Has anyone try the above?  How does it work?  Is it effective to reduce body fat and build muscles (gaining mass)?

- Josh


----------



## P-funk (Apr 18, 2003)

Never tried it.....never even heard of it.  What is it?  Do you have a link or any other info?

thanks


----------



## Josh (Apr 18, 2003)

The link is www.extique.com.  They published a book entitled "Natural Hormonal Enhancement".  I bought an Indonesian translation by chance a few weeks ago and read it, but in truth I don't feel I understand everything properly, partly I think because the translation is not that good.  But as far as I understand it, the book (diet plan) promises to burn fat and build muscles without fail because it claims to be able to work efficiently with the hormons.
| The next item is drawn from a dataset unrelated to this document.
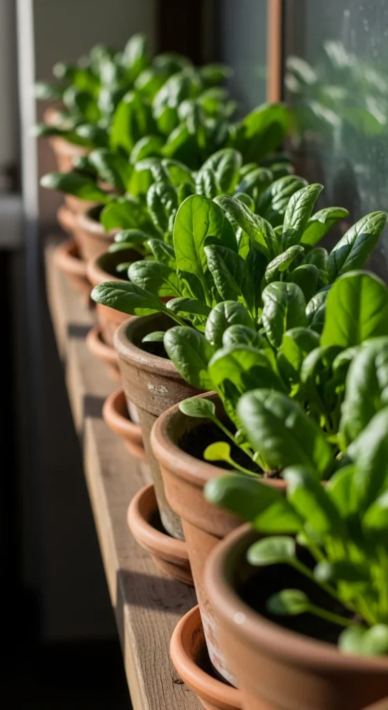 Spinach grows quickly when pots are grouped together. The close spacing helps trap warmth around the leaves. Use medium pots so roots have room to stretch but soil stays warm. Sow thickly and thin out seedlings later. Keep the soil moist but not soggy. Harvest outer leaves regularly to encourage new growth. If frost arrives, move the pots under a patio table or next to a wall for added shelter. You can also drape a thin plastic sheet over the row of pots on colder nights. This setup creates a steady pace of fresh salads without heavy work.

If anyone here has tried it, I sure would like to consult so I can better understand it before I try it myself.  Thanks.

- Josh


----------



## Robboe (Apr 18, 2003)

Buy it.

It's a good read.


----------



## Revenant (Apr 19, 2003)

Is it similar to the "anabolic diet"?


----------



## Josh (Apr 19, 2003)

Revenant, I'm not familiar with anabolic diet, so can't compare/comment.

TCD, have you tried it yet?

- Josh


----------



## Robboe (Apr 19, 2003)

NHE ain't a keto diet, although you may slightly hit keto at one stage of the diet. Anabolic diet uses ketosis. There's several variations between the two diets.

Josh - yes.


----------